Story by Seaman Stanley Guzman, Air Station Barbers Point

Coast Guard units throughout Hawaii are taking proactive measures to reduce energy costs and consumption. The Coast Guard understands that inefficiency takes money away from missions and the tax payers’ dollars. With this understanding in mind, 11 civilian and military technicians from Base Support Unit (BSU), Honolulu formed the Sustainability Implementation Team to reduce the Coast Guard’s energy footprint here.

“Every dollar saved from our electric bill will be one more dollar used to help our units perform more efficiently,” said Lt. Cmdr. Cesar Acosta, commanding officer of Civil Engineering Unit, Honolulu.
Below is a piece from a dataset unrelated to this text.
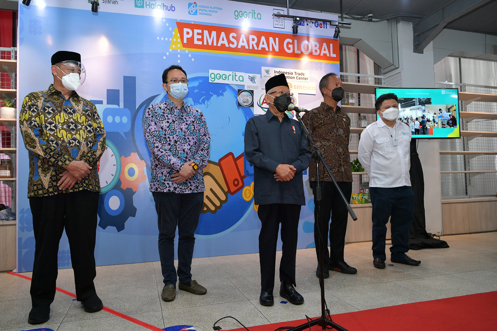 Wapres mengapresiasi kolaborasi yang telah dibangun Platform Digital Ekspor (PDEkspor) dan Komite Nasional Ekonomi dan Keuangan Syariah (KNEKS) untuk menjembatani UMKM agar produk-produknya dapat masuk dan bersaing dalam ekosistem halal global.
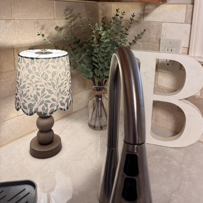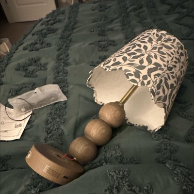 I loved the style of this lamp and the scalloped detail on the shade is adorable! The color of the leaf pattern is very beautiful however my shipment was delayed and when it finally arrived it was poorly packaged! There was only one small sheet of packing paper and it wasn’t even wrapped around the lamp! The shipping box was way too large for the lamp so it wasn’t even wrapped just rattling around loose in the box! The base of the lamp is extremely loose. Also it’s not a wood lamp it a faux wood plastic material. For $25 and how small this lamp is I was expecting much higher quality of materials! I noticed a few days after I ordered the lamp, it went on sale. Tried to call for a price match for the slightly lower price and I was told because it was “clearance pricing” that they aren’t able to price match! It was less than $4 off and they wouldn’t even match that! After terrible delayed shipping, poorly packaged, overpriced, horrible quality materials and a bad customer service experience, Target wonders why they are losing so many customers?!! I’ve been a Target card holder for over a decade! I used to shop at Target every weeks usually multiple trips a week. Not anymore!

The team employed two energy-saving approaches: using technology to reduce consumption and promoting sustainability awareness among the crew to change the culture of usage.

Some of the most effective measures included: retrofitting incandescent and high pressure sodium lighting to more efficient running fluorescent and light emitting diode (LED) fixtures; switching to Energy Star appliances; installing urinals that require 88 percent less water; and growing plants that do not require an irrigation system.

“The team’s accomplishments in the past year and a half saved the Coast Guard an annual recurring savings of over $120,000,” said Lt. Ryan Murphy, an industrial manager and a team member. “In one of the larger lighting retrofit projects, the team focused on exterior lighting and was able to reduce the electrical load of the entire base by 80 percent through high efficiency lighting retrofits and delamping areas with too much streetlight. This project alone saved the Coast Guard $40,000 a year in electricity (costs).”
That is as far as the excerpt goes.